Ивана Жданова и не только о них

Всю поэзию, в том числе и современную, я бы условно разделил не на традиционную, модернистскую и постмодернистскую, а на поэзию

имиджа («Поза лица» по выражению Д. А. Пригова из давнишней статьи «Нельзя не впасть в ересь», опубликованной в журнале «Континент»

№ 61, 1991), поэзию жеста и поэзию духовного усилия. Только после этого я бы стал говорить о направлениях и школах, то есть о форме. Форма

не является содержанием, как полагали формалисты, но сама по себе форма – содержательна; причем содержательность и содержание, как

заметил Липкин, – вещи разные. Если содержательность делает неповторимым любое литературное произведение, то содержание подчеркивает

либо самобытность, либо беспомощность, а то и вовсе пустоту формы.

Если понимать термин «мета-метафора» в том же смысле, как мы понимаем слово «метафизика», то есть учение о недоступных опыту

принципах бытия, выход за пределы бытия, чисто физического мира, то тогда окажется, что термин не совсем верен, поскольку, у поэтов,

которых обычно относят к этой группе – Алексея Парщикова, Ивана Жданова. Александра Еременко и Ильи Кутика, – не просто метафоры, а

развернутые метафоры, часто катахрезы, то есть метафоры, доведенные до предела и изощренные, пышные метафоры (conceits), сродни тем,

которые были у английских метафизических поэтов. В главе о поэзии С. В. Петрова я писал о том, что термин «метафизическая поэзия» ввел в

обиход Сэмюэл Джонсон, объединяя как светскую, так и духовную поэзию XVII века и предшественника метафизических поэтов Джона Донна тем,

что он назвал «гармонией дисгармонии» («concordant discord»), что по его мнению выражалось в объединении противоположных образов и идей.

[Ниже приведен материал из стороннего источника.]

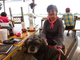 Bob and Barb with Terry at the Dolphin View Seafood Restaurant located at 107 N. Riverside Drive on the Mosquito Lagoon. One of the many pet friendly restaurants in New Smyrna Beach! We saw sea food and we all enjoyed it!
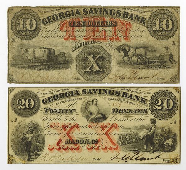 Macon, GA., Lot of 2 issued obsoletes, Includes $10, Fine to Choice Fine and $20, VF to VF+ with mounting remnants on corners, still scarce and very attractive, Keatings & Ball. (ex- Jack Guevrekian Collection/NASCA, 1977).
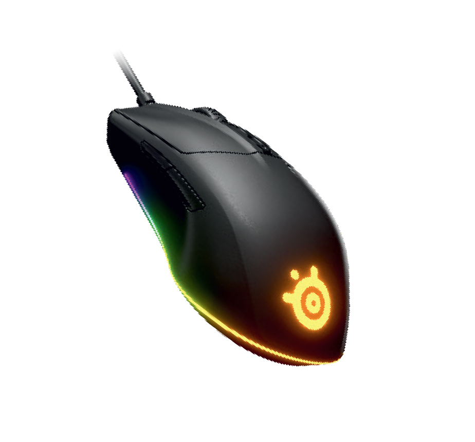 Za: Ovaj žičani miš za tradicionalne gejmere ipak donosi i dašak blještavila s RGB detaljima na logotipu proizvođača te na samom dnu miša. Entry level gejmerski miš od poznatog proizvođača gaming periferije SteelSeriesa je vizualno jednostavan, ali udoban miš koji je nominalno izrađen za dešnjake. Međutim, zahvaljujući njegovu simetričnom dizajnu, smatramo da ni ljevaci neće imati problema s igranjem. Jedini nedostatak će im biti činjenica da će vrlo teško moći koristiti dvije tipke na lijevoj strani miša, a koje dešnjaci vrlo lako mogu pritisnuti palcem u žaru borbe. Ovaj miš obično biraju igrači sa Claw (kandža) ili Fingertip (vršci prstiju) stilom držanja miša.
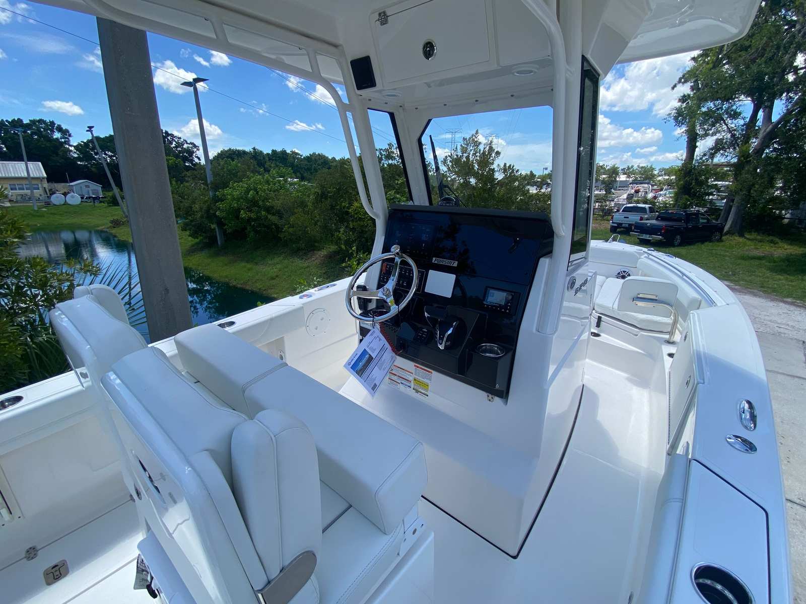 The Pursuit S 248 is packed with premium features that enhance both functionality and comfort. One of the standout amenities is the forward Med style sunshade, which is stowable and crafted by Suntex, providing excellent protection from the sun while maintaining an open and airy feel on deck. The bow seating area is equipped with port and starboard backrests, offering plush comfort for lounging or socializing with friends and family.A standard hardtop with select canvas options ensures you are shielded from the elements, while the hardtop liner in fresh white adds a touch of elegance to the overall design. The fresh potable water system, complete with an 18-gallon tank, ensures you have access to clean water for rinsing off or staying hydrated during long days on the water.For those who appreciate advanced technology, the Pursuit S 248 features a Garmin widescreen 12-inch display package, providing intuitive navigation and real-time data at your fingertips. The console is further enhanced with a stainless steel portlight, adding both style and ventilation. The cadet gray instrumentation cover protects your controls and electronics, keeping them in pristine condition.Entertainment is taken to the next level with a premium stereo system, amplifier, and speakers, complete with Sirius satellite radio capability. Blue LED accent lights at mid-level (four in total) create a sophisticated ambiance for evening cruises or dockside gatherings.

Джонсон рассматривает два типа пышных или запредельных метафор: развернутую и телескопическую. Многие из упомянутых свойств можно

проследить и в поэзии мета-метафористов. Возьмем стихотворение Александра Еременко:

В перспективу уходит указка

сквозь рубашку игольчатых карт,

сквозь дождя фехтовальную маску,

и подпрыгнувший в небо асфальт.

Эти жесты, толченные в ступе,

метроном на чугунной плите,

чернозем, обнаглевший под лупой,

и, сильней, чем резьба на шурупе, —

голубая резьба

на

винте.

В перспективу втыкается штекер,

напрягается кровь домино.

Под дождем пробегающий сеттер

на краю звукового кино.

«Дождя фехтовальную маску», «подпрыгнувший в небо асфальт», «жесты, толченные в ступе» являются именно катахрезами, «гармонией

дисгармонии» («concordant discord»), по определению Сэмюэла Джонсона. Однако это скорее «объективистское» нежели метафизическое

стихотворение, поскольку присутствует только картина, подразумевающая передачу чувств при полном отказе от рефлексии. Тем не менее, в

этом и во всех приводящихся ниже стихах прослеживается сила, решительность, мужественность и прямота выражения.

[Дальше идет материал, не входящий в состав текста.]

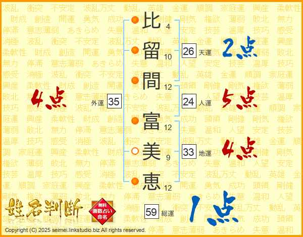 比(4画)留(10画)間(12画) 富(12画)美(9画)恵(12画)
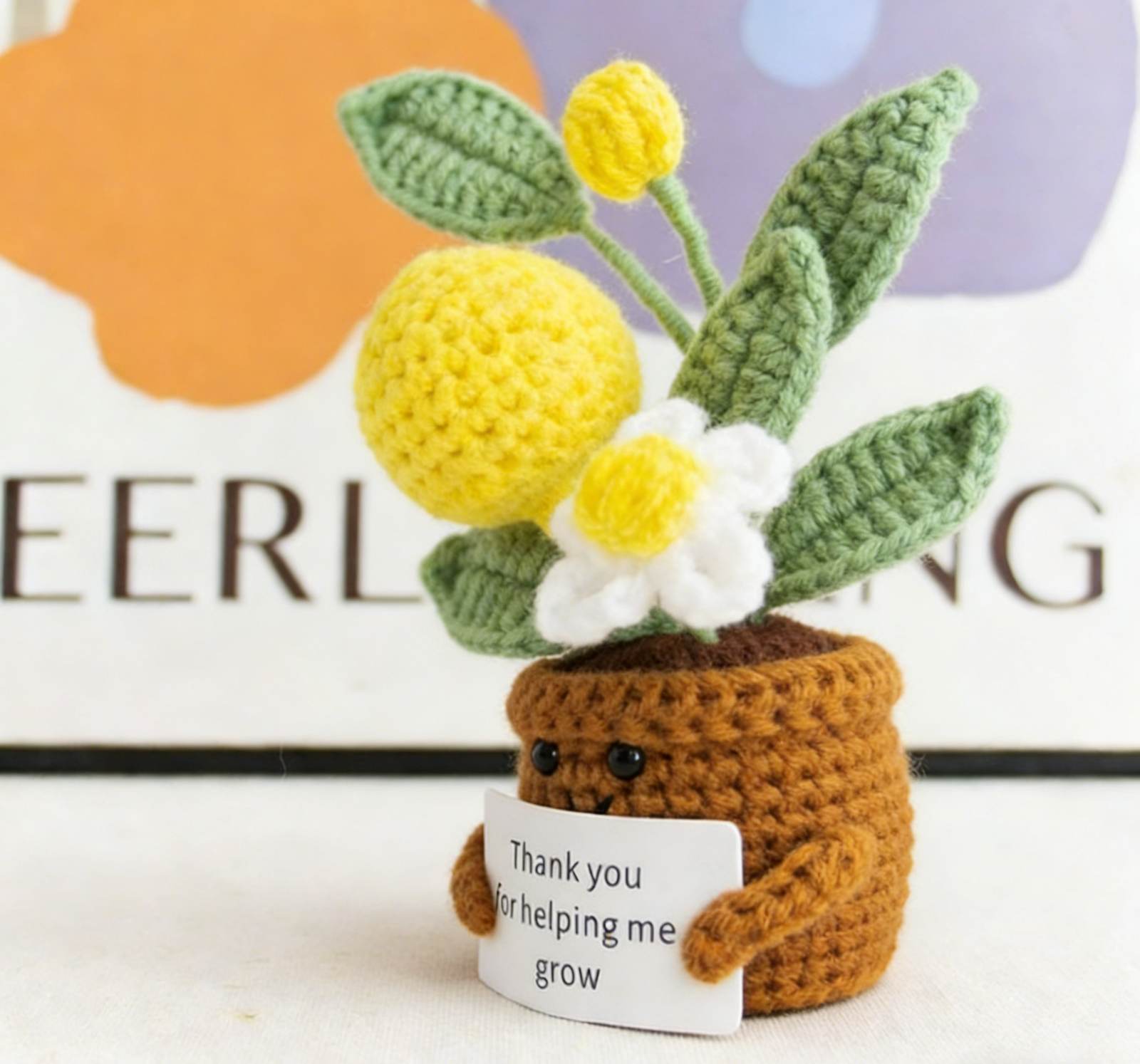 Our hand‑knitted plant doll and encouragement buddy are carefully crafted with love, each piece carrying warmth, healing, and a little bit of magic. The adorable shape, paired with a cheerful encouragement card, brings a bright and uplifting vibe to any desk. Whether you need a little pick‑me‑up or a daily dose of motivation, this cute plant doll is here to give you a smile and remind you that you’re doing great. Its unique handmade design makes it one‑of‑a‑kind, adding a touch of whimsy and personality to your space.
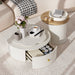 Modern Round Coffee Table (Set of 2), 360 Degree Rotatable Flower Shaped Top With 2 Drawers, Top Circle Side Table End Table With Glass For Living Room - Off White at Bedding & Furniture Discounters Sleep and Furnish for Less: Unbeatable Discounts on Bedding and Furniture in Orlando, FL Skip to content
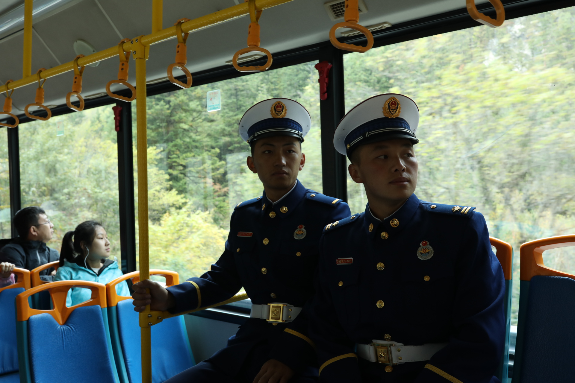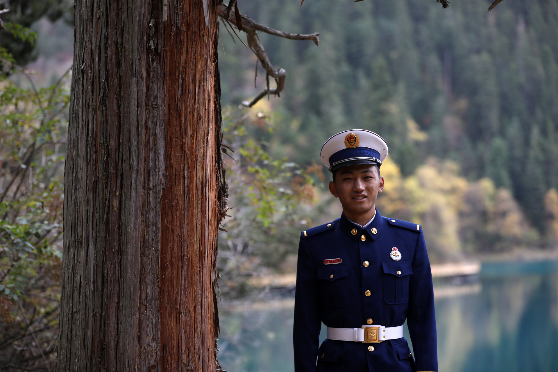 廖海州和中隊(duì)長倪磊并肩巡邏在五花海景點(diǎn)的棧道上,“前年地震,我們從這里抬出來了好幾個受傷游客.....”這對同年入伍的老隊(duì)員 最能聊到一起。

В стихотворениях Константина Кедрова, поэта и теоретика, введшего в употребление термин «мета-метафора» и основавшего мета-

метафорическое направление в поэзии, постоянно встречаются развернутые метафоры: «Отраженьем дышит луна // вдыхая себя и меня»

(«Селена»). Стихотворение «Свирель» изобилует не только традиционными метафорами, но и телескопическими метафорами, сверхметафорами,

катахрезами:

За мной крадется вор с тупой свирелью

в ней все заполнено очами

слепой свирелью стал туманный посох

врастающий в туман

гремит туманом

свирельная ночная мгла

зрачки перебирая

окутанный свирелью горизонт

встает из праха

мертвый как младенец

спеленутый свирелью голубой

слепые роды

голубой свирели

1981

Зрячая свирель – образ хлебниковский, сродни сеятелю очей. Свирельная мгла, свирельный посох, мир, окутанный свирелью – мир

неизреченного слова. Роды голубой свирели – это рождение слова в музыке в мир и перерождение этого мира благодаря слову, и все это —

развернутая метафора-катахреза. Поток метаметафор Кедрова из «Компьютера любви» – это нередко зеркальный палиндром, как бы метафора,

которая смотрит на себя в зеркало:

Человек – это изнанка неба

Небо – это изнанка человека.

В стихотворениях Алексея Парщикова по-иному сочетаются все названные выше метафоры, создавая единый и неповторимый образ-

картину:

Тот город фиговый – лишь флёр над преисподней.

Мы оба не обещаны ему.

Мертвы – вчера, оживлены – сегодня,

я сам не понимаю, почему.

Дрожит гитара под рукой, как кролик,

цветёт гитара, как иранский коврик.

Она напоминает мне вчера.

И там – дыра, и здесь – дыра.

Ещё саднит внутри степная зона —

удар, открывший горло для трезвона,

и степь качнулась чёрная, как люк,

и детский вдруг развеялся испуг.

Все стихотворение, включающее в себя и сравнения, и катахрезы, является развернутой метафорой творчества, потому и «Дрожит гитара

под рукой, как кролик», и «саднит внутри степная зона», «город фиговый» – обещает лишь поверхностное бытование, а не жизнь

(примечательно, что первая строка – единственная шестистопная строчка в стихотворении, написанным пятистопным ямбом). Так же, как и

следующее стихотворение, это стихотворение – не только цельный образ, картина, но и прямой, мужественный взгляд как действительности, так

и небытию в лицо – преодоление страха. В этом стихотворении наряду с передачей образов и чувств присутствует также и рефлексия («я сам не

понимаю, почему», «Она напоминает мне вчера. // И там – дыра, и здесь – дыра», «и детский вдруг развеялся испуг»). Мысль о том, что

прошлое превратилось в дыру, приобретает зримый, а не только умозрительный характер. В следующем стихотворении преобладает гармония

дисгармонии: «гобой, замурованный в сизые печи», который к тому же «печется» в «ветке маньчжурской красы», «зрачок твой шатровый казался

ветвист» и, конечно, две последних метафоры, речь о которых ниже:

В подземельях стальных, где позируют снам мертвецы,

провоцируя гибель, боясь разминуться при встрече,

я купил у цветочницы ветку маньчжурской красы —

в ней печётся гобой, замурованный в сизые печи.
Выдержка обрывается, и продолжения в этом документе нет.